According to the Centers for Medicare & Medicaid Services, if you are eligible for home health benefits under Original Medicare, you will pay nothing for covered home health services. But the costs can change based on the type of services you need and the plan you have. So, how much does Medicare pay for home health care in different situations?

Quick Summary

Medicare pays 100% for covered home health services for eligible beneficiaries who are homebound and require intermittent skilled care. However, beneficiaries are responsible for 20% coinsurance for durable medical equipment after meeting the Part B deductible. Coverage differs between Original Medicare and Medicare Advantage plans.

Key Points

  • $0 for Covered Services: Under Original Medicare, there is no copay or deductible for intermittent skilled nursing care or therapy services if you meet eligibility rules.

  • Costs for Durable Medical Equipment (DME): For medically necessary DME like walkers or wheelchairs, you pay 20% of the Medicare-approved amount after meeting the Part B deductible ($257 in 2025).

  • Homebound Requirement: You must be certified by a doctor as homebound, meaning leaving your home is difficult and requires assistance, to qualify for Medicare home health benefits.

  • Difference in Medicare Advantage Plans: Medicare Advantage plans must cover the same benefits as Original Medicare, but they may have different cost-sharing rules, deductibles, and provider networks.

  • What's Not Covered: Medicare generally does not cover 24-hour care, homemaker services, meal delivery, or personal care if that is the only care you need.

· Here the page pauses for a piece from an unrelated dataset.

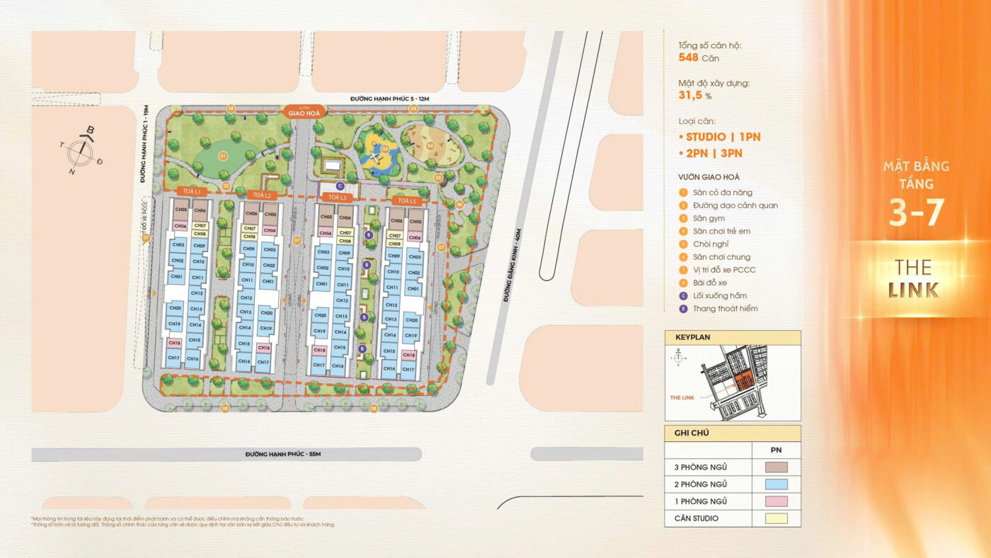 🔸 Quy mô: Mật độ xây dựng thấp 31,5% với 3.804 căn hộ NOXH (20 toà cao 7 tầng, 7 toà cao 9 tầng) và 284 căn nhà thấp tầng liền kề, biệt thự

  • Medicare-Certified Agency: To receive coverage, home health services must be provided by a Medicare-certified agency under a doctor's plan of care.

In This Article

Understanding Medicare's Coverage for Home Health

Home health care helps individuals recover from an illness or injury in the comfort of their home. For many, the central question is how much does Medicare pay for home health care? The answer depends on your specific circumstances, including your eligibility and the type of care you need. Original Medicare (Parts A and B) and Medicare Advantage (Part C) provide coverage, but with key differences in out-of-pocket costs and rules.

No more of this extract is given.